March 24, 1971: Southwest Junior High principal Terrance Moriarity was appointed to a state commission on teacher ethics by Gov. Wendell Anderson.

March 25, 1971: Sanders Drug, at 107 Fountain St.,  became Minnesota’s first drive-in drug store.

March 26, 1971: Pat Fitzgerald and wife, Ev, were pictured in The Evening Tribune at Eddie’s Bar. Fitzgerald had recently purchased the bar from Eddy Dombrowski who had owned the establishment for 34 years.

 

National/International

1634: English colonists sent by Lord Baltimore arrived in present-day Maryland.

1776: Gen. George Washington, commander of the Continental Army, was awarded the first Congressional Gold Medal by the Continental Congress.

1915: The U.S. Navy lost its first commissioned submarine as the USS F-4 sank off Hawaii, claiming the lives of all 21 crew members.

1931: In the so-called “Scottsboro Boys” case, nine young Black men were taken off a train in Alabama, accused of raping two white women; after years of convictions, death sentences and imprisonment, the nine were eventually vindicated.

1947: A coal-dust explosion inside the Centralia Coal Co. Mine No. 5 in Washington County, Illinois, claimed 111 lives; 31 men survived.

1954: RCA announced it had begun producing color television sets at its plant in Bloomington, Indiana.

1963: Private pilot Ralph Flores and his 21-year-old passenger, Helen Klaben, were rescued after being stranded for seven weeks in brutally cold conditions in the Yukon after their plane crashed.

1965: The Rev. Martin Luther King Jr. led 25,000 people to the Alabama state capitol in Montgomery after a five-day march from Selma to protest the denial of voting rights to Blacks. Later that day, civil rights activist Viola Liuzzo, a white Detroit homemaker, was shot and killed by Ku Klux Klansmen.

1985: “Amadeus” won eight Academy Awards, including best picture, best director for Milos Forman and best actor for F. Murray Abraham.

1987: The Supreme Court, in Johnson v. Transportation Agency, ruled 6-3 that an employer could promote a woman over an arguably more-qualified man to help get women into higher-ranking jobs.

1988: In New York City’s so-called “Preppie Killer” case, Robert Chambers Jr. pleaded guilty to first-degree manslaughter in the death of 18-year-old Jennifer Levin. (Chambers received 5 to 15 years in prison; he was released in 2003 after serving the full sentence.)

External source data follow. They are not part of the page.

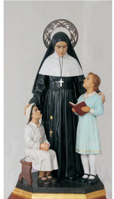
Imagen 1. Santa Emilia de Rodat. Colegio de la Sagrada Familia de Alcázar de San Juan

casas en las que residían 300 religiosas dedicadas a la enseñanza y a diversas obras de apostolado como internados, escuelas rurales, cuidado de enfermos, casas de refugio y orfanatos 4 .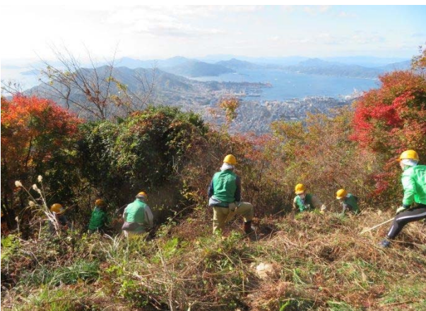
視界を広げるために木を切る前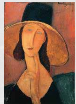
(右) アメデオ・モディリアーニ 《大きな帽子をかぶったジャンヌ・エビュテルヌ》1918年 個人蔵

1990: 87 people, most of them Honduran and Dominican immigrants, were killed when fire raced through an illegal social club in New York City.

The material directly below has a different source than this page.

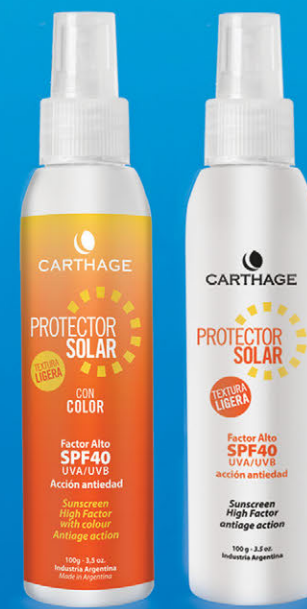
Protector Solar Factor Alto SPF 40 Textura Ligera x 100ml CON y SIN COLOR

Protector solar de acción antiedad que facilita un bronceado uniforme y seguro. Su textura ligera es ideal para pieles normales y grasas.

2010: Canadian opposition parties brought down the Conservative government in a no-confidence vote, triggering an election that gave Prime Minister Stephen Harper a clear Conservative majority in Parliament.

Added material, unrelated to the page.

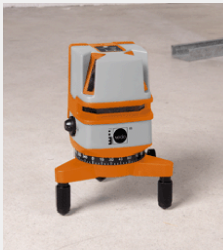
X-Liner 3 № 460 873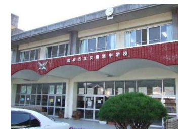
女鳥羽中学校まで 1050m

2016: A suicide bomber believed to be a teenager blew himself up in a soccer stadium south of the Iraqi capital, killing 29 people and wounding 60. The Rolling Stones unleashed two hours of thundering rock and roll on an ecstatic crowd of hundreds of thousands of Cubans and foreign visitors in Havana; the free concert came two days after President Barack Obama concluded his historic visit to Cuba.

2020: The Senate unanimously passed a $2.2 trillion economic rescue package steering aid to businesses, workers and health care systems engulfed by the coronavirus pandemic; the largest economic relief bill in U.S. history included direct payments to most Americans, expanded unemployment benefits and $367 billion for small businesses to keep making payroll while workers were forced to stay home. The number of U.S. deaths from the pandemic topped 1,000. Spain’s death toll rose past 3,400, eclipsing China’s, after a one-day spike of 700 fatalities. Royal officials said Britain’s Prince Charles had tested positive for the coronavirus.